Thursday, August 31, 2023

Document layout analysis

How to cite: Page, R. (2023). Document layout analysis.

Some notes to self on document layout analysis.

I’m revisiting the problem of taking a PDF or a scanned document and determining its structure (for example, where is the title, abstract, bibliography, where are the figures and their captions, etc.). There are lots of papers on this topic, and lots of tools. I want something that I can use to process both born-digital PDFs and scanned documents, such as the ABBYY, DjVu and hOCR files on the Internet Archive. PDFs remain the dominant vehicle for publishing taxonomic papers, and aren’t going away any time soon (see Pettifer et al. for a nuanced discussion of PDFs).

There are at least three approaches to document layout analysis.


The simplest approach is to come up rules, such as “if the text is large and it’s on the first page, it’s the title of the article”. Examples of more sophisticated rules are given in Klampfl et al., Ramakrishnan et al., and Lin.

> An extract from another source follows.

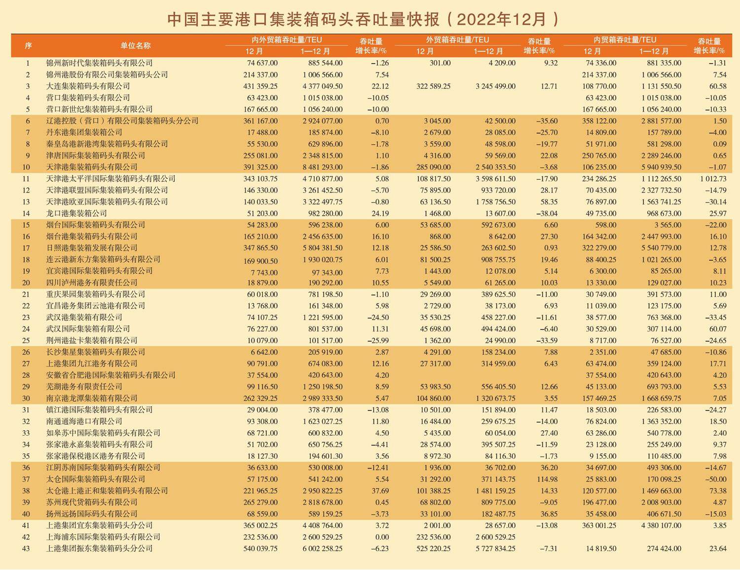 中国主要港口集装箱码头吞吐量快报(2022年12月)

Rule-based methods can get you a long way, as shown by projects such as Plazi. But there are always exceptions to rules, and so the rules need constant tweaking. At some point it makes sense to consider probabilistic methods that allow for uncertainty, and which can also “learn”.

Large language models (LLMs)

At the other extreme are Large language models (LLMs), which have got a lot of publicity lately. There are a number of tools that use LLMs to help extract information from documents, such as LayoutLM (Xu et al.), Layout Parser, and VILA (Shen et al.). These approaches encode information about a document (in some case including the (x,y) coordinates of individual words on a page) and try and infer which category each word (or block of text) belongs to. These methods are typically coded in Python, and come with various tools to display regions on pages. I’ve had variable success getting these tools to work (I am new to Python, and am also working on a recent Mac which is not the most widely used hardware for machine learning). I have got other ML tools to work, such as an Inception-based model to classify images (see Adventures in machine learning: iNaturalist, DNA barcodes, and Lepidoptera), but I’ve not succeeded in training these models. There are obscure Python error messages, some involving Hugging Face, and eventually my patience wore out.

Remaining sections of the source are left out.